How do I make sure the network connectivity between a DataWorks resource group and a self-managed data source that is hosted on an ECS instance when I synchronize data from the data source?

If you want to use an exclusive resource group for Data Integration to access a self-managed data source that is hosted on an ECS instance over an internal network, you must configure network settings for the resource group. For more information, see Create and use an exclusive resource group for Data Integration. When you configure the network settings, take note of the following items:

  • If you associate the exclusive resource group for Data Integration with a VPC in which the ECS instance resides, a route that points to the CIDR block of the VPC is automatically added. We recommend that you do not delete the added route. If you delete the added route, you may fail to access other data sources and an error may be reported during data synchronization.

  • You must add the CIDR block of the vSwitch with which the exclusive resource group for Data Integration is associated to the IP address whitelist of the data source. For more information, see Add the EIP or CIDR block of an exclusive resource group for Data Integration to an IP address whitelist of a data source.

How do I make sure the network connectivity between a DataWorks resource group and a data source that resides in a different region from the resource group when I synchronize data from the data source?
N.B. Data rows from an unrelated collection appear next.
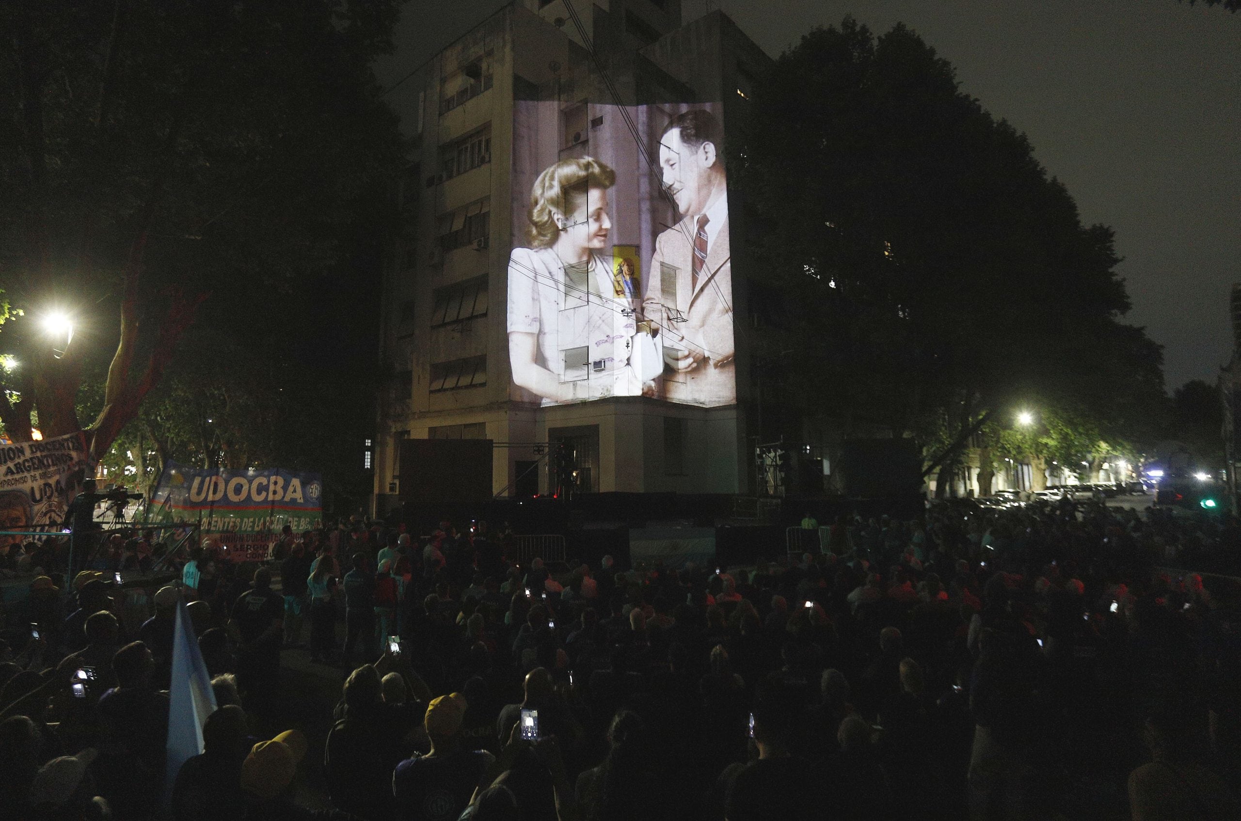 Fue un acto diferente con performances teatrales, un show de música trap y un mapping sobre la fachada de la central obrera.
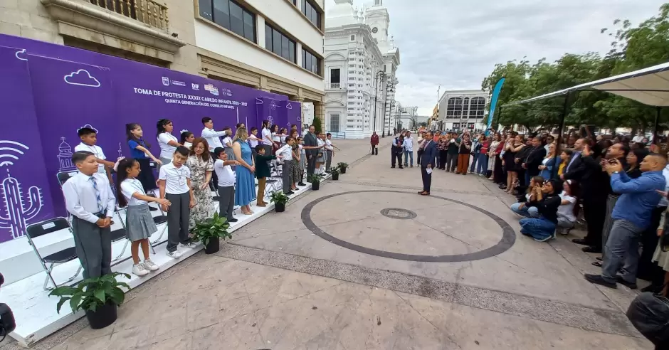 Afuera de Palacio Municipal se llevó a cabo la ceremonia de integración del Cabildo Infantil y del Consejo Infantil, encabezada por el alcalde Antonio Astiazarán Gutiérrez.
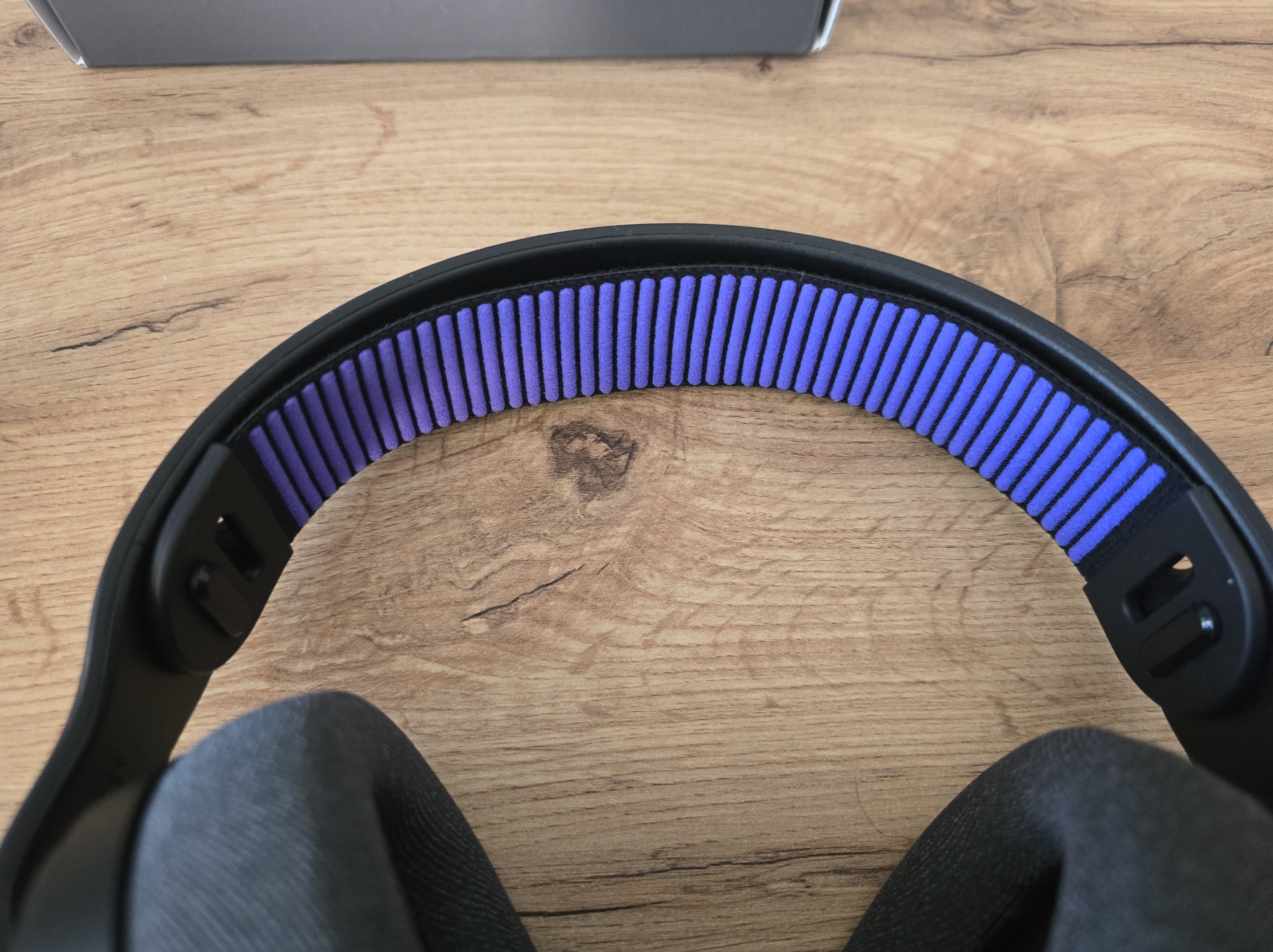 Gdy już przejdziemy do sedna użytkowania, czyli zakładania słuchawek na głowę, G522 odsłania swój kolejny, największy atut: absolutnie fenomenalny komfort. Kluczowe jest tutaj zrozumienie specyfiki konstrukcji. Logitech zastosował zawieszony, samo-dopasowujący się nagłówek. Jego elastyczna, włókno-nylonowa konstrukcja nie posiada tradycyjnych, stopniowanych zatrzasków. Zamiast tego, automatycznie i płynnie dopasowuje się do kształtu i rozmiaru głowy użytkownika, zapewniając idealny, równomierny rozkład nacisku na czubku głowy. To rozwiązanie eliminuje wszelkie „punkty uciskowe”, które są zmorą wielu innych modeli. Pałąk z elastycznym zawieszeniem można podregulować pod rozmiar głowy dzięki dodatkowym punktom mocowania. Plusik za to.
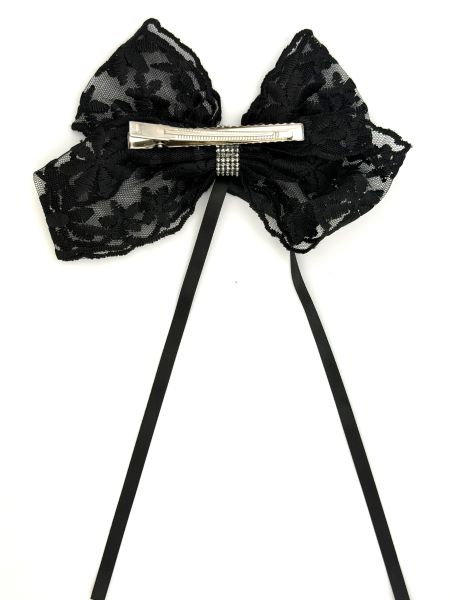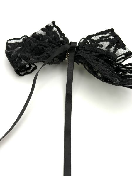 薄手の生地に繊細な花柄をあしらった黒のヘアピン。
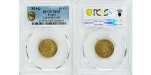 Lot 46/73 France :: France. 20 Francs 1824-Q. PCGS XF45
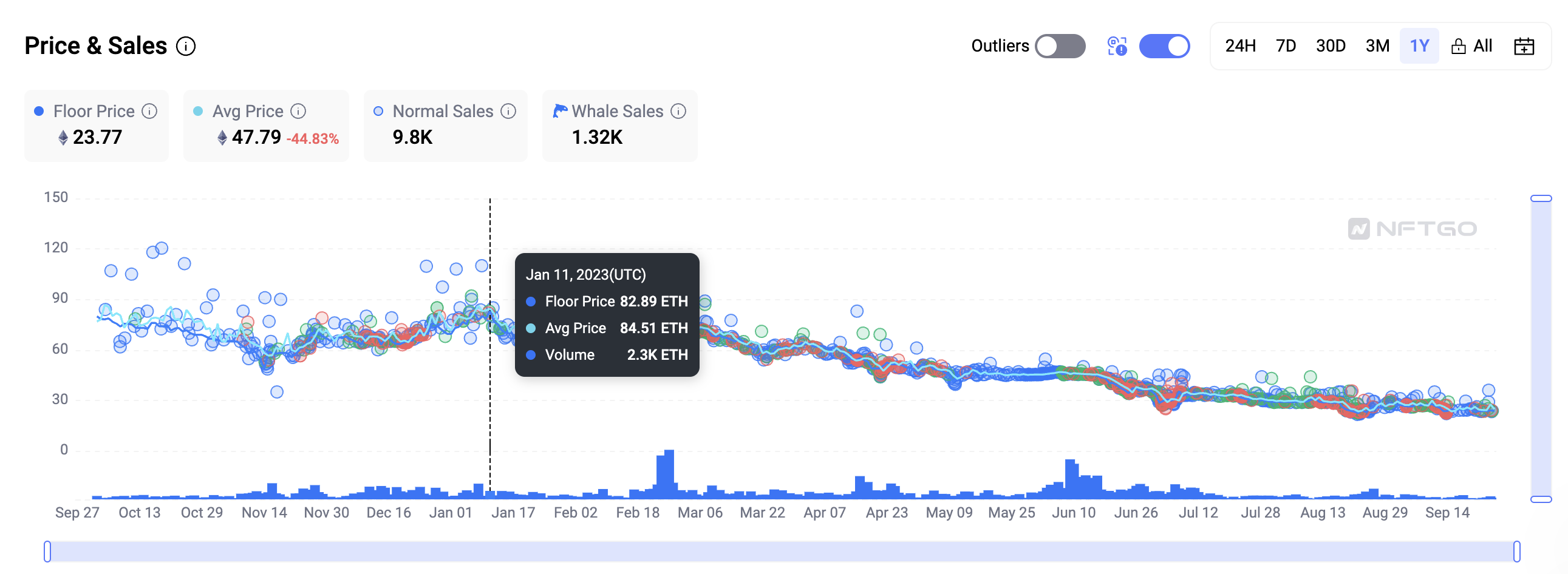 截至目前,根据 Blur 数据,BAYC 当前地板价为 23.77 ETH,较去年高点下跌超 70%。
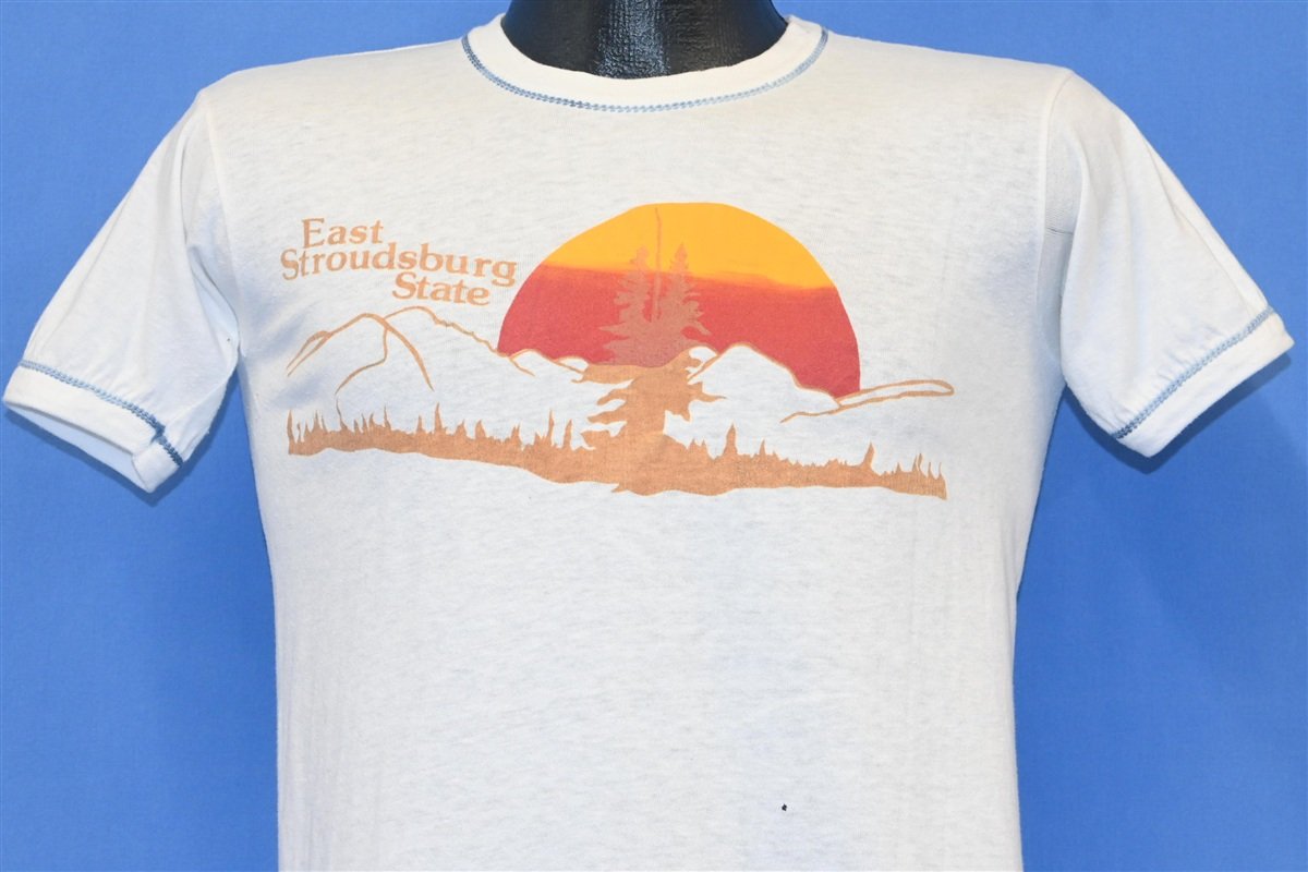 This cool tee reps East Stroudsburg State, which was the former name of East Stroudsburg University of Pennsylvania. The shirt features some stylish top stitching, and a graphic of a sunset mountain scene. The college is situated in the Pocono Mountains of Pennsylvania, and it has a history that dates all the way back to the late 1800s.
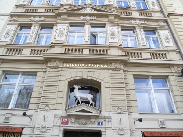 Dům U Bílého jelínka, číslo popisné 273, stojí v Náprstkově ulici, zadní trakt pak v ulici Boršov. Dům v pozdně historizujícím slohu byl vystavěn v letech 1894 až 1895 na místě zbořeného domu od kterého převzal pojmenování. Autorem plánů i stavitelem byl František Tichna.
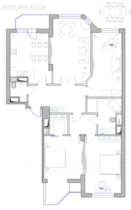 Общая площадь квартиры 128,1 кв.м., разбивка по комнатам: гостиная: 24,7 кв.м., спальные комнаты: 15,8+17+16,2 кв.м. метра.
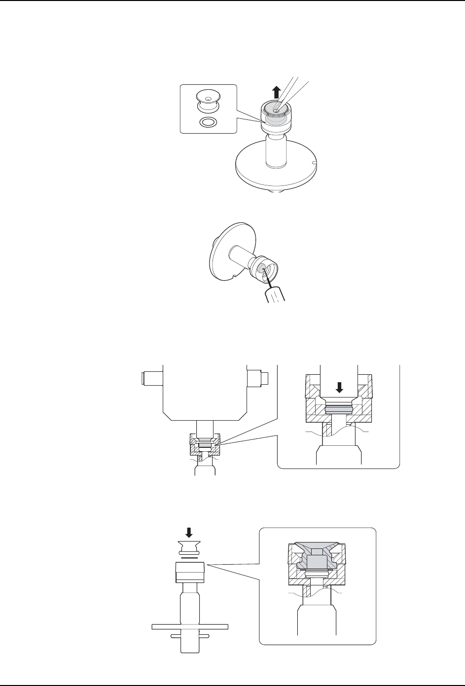 f. 请更进一步压入过滤器插入治具,将橡胶垫从橡胶垫用过滤器安装治具上取下。
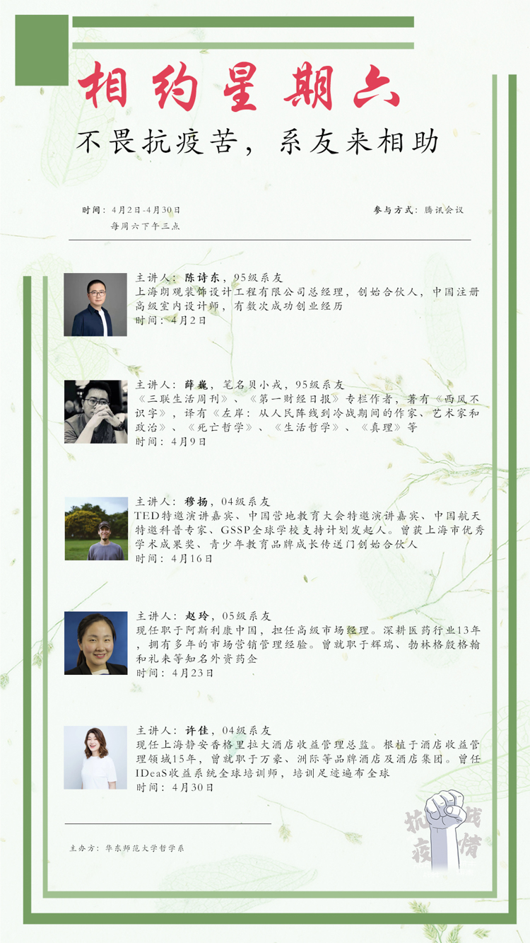保“安”离不开校外的支援和帮助,而内外贯通无疑将有力推动向“好”。仍以哲学系为例。华师大进入封闭式管理不久,2005级系友赵玲女士便积极倡议,联络陈诗东、薛巍、穆扬、许佳、王弘毅、宋菲、江求流、孟凯、陈新华等多位系友策划了“不畏抗疫苦,系友来相助”的系列活动。
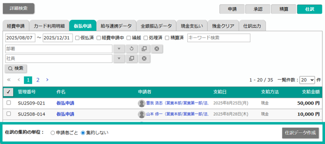 - 「仕訳の集約」で「借方・貸方を集約する」以外を設定している場合、仕訳伝票は経費申請の単位で分かれます。
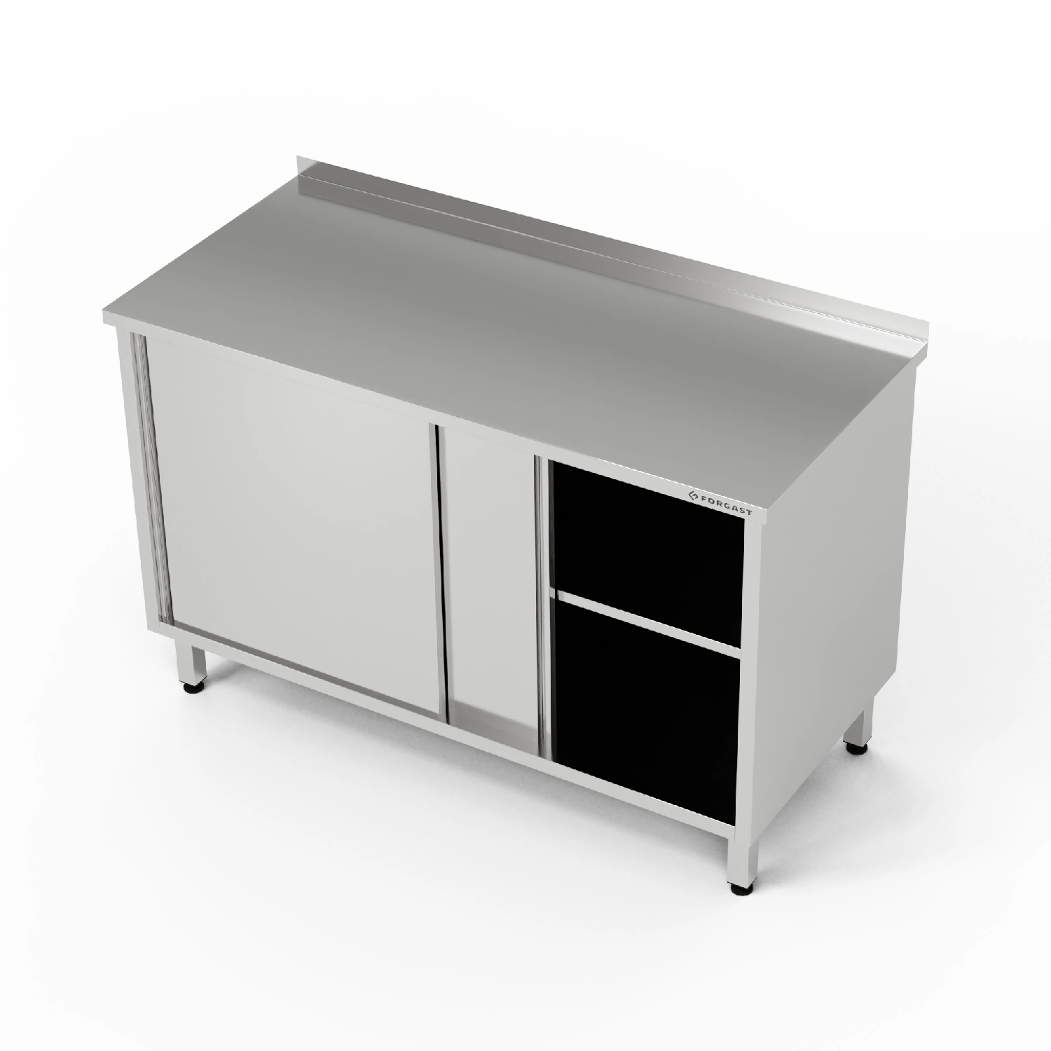 Pracovní stanice o rozměrech 160x60x85 cm se skříní s posuvnými dveřmi z nerezové oceli J4. Uvnitř skříně półka.

Before you configure and run a data synchronization task, we recommend that you select an appropriate network connectivity solution to establish a network connection between the resource group and the data source. For more information, see Establish a network connection between a resource group and a data source. You must take note of the following items:

If you want to synchronize data from a data source that resides in a region different from your DataWorks resource group over the Internet, you must add the elastic IP address (EIP) of the exclusive resource group for Data Integration to the IP address whitelist of the data source. For more information, see Add the EIP or CIDR block of an exclusive resource group for Data Integration to an IP address whitelist of a data source.

Note

If you synchronize data over the Internet, you are charged for the traffic that is generated during data synchronization. For more information, see Billing of Internet traffic.

How do I make sure the network connectivity between a DataWorks resource group and a data source that belongs to a different Alibaba Cloud account from the resource group when I synchronize data from the data source?

Before you configure and run a data synchronization task, we recommend that you select an appropriate network connectivity solution to establish a network connection between the resource group and the data source. For more information, see Establish a network connection between a resource group and a data source.

  • If you want to synchronize data across accounts over the Internet, you must add the EIP of the exclusive resource group for Data Integration to the IP address whitelist of the data source. For more information, see Add the EIP or CIDR block of an exclusive resource group for Data Integration to an IP address whitelist of a data source.

    Note

    If you synchronize data over the Internet, you are charged for the traffic that is generated during data synchronization. For more information, see Billing of Internet traffic.

  • If you want to synchronize data from a data source over an internal network and the data source belongs to a different Alibaba Cloud account from your exclusive resource group for Data Integration, you must perform the following operations:

    1. Establish a network connection between the VPC in which the data source resides and a VPC (referred to as VPC 1) within the Alibaba Cloud account to which the exclusive resource group for Data Integration belongs. You can use a network connection tool such as a VPN gateway or Express Connect circuit to establish the network connection.

    2. Associate your exclusive resource group for Data Integration with VPC 1.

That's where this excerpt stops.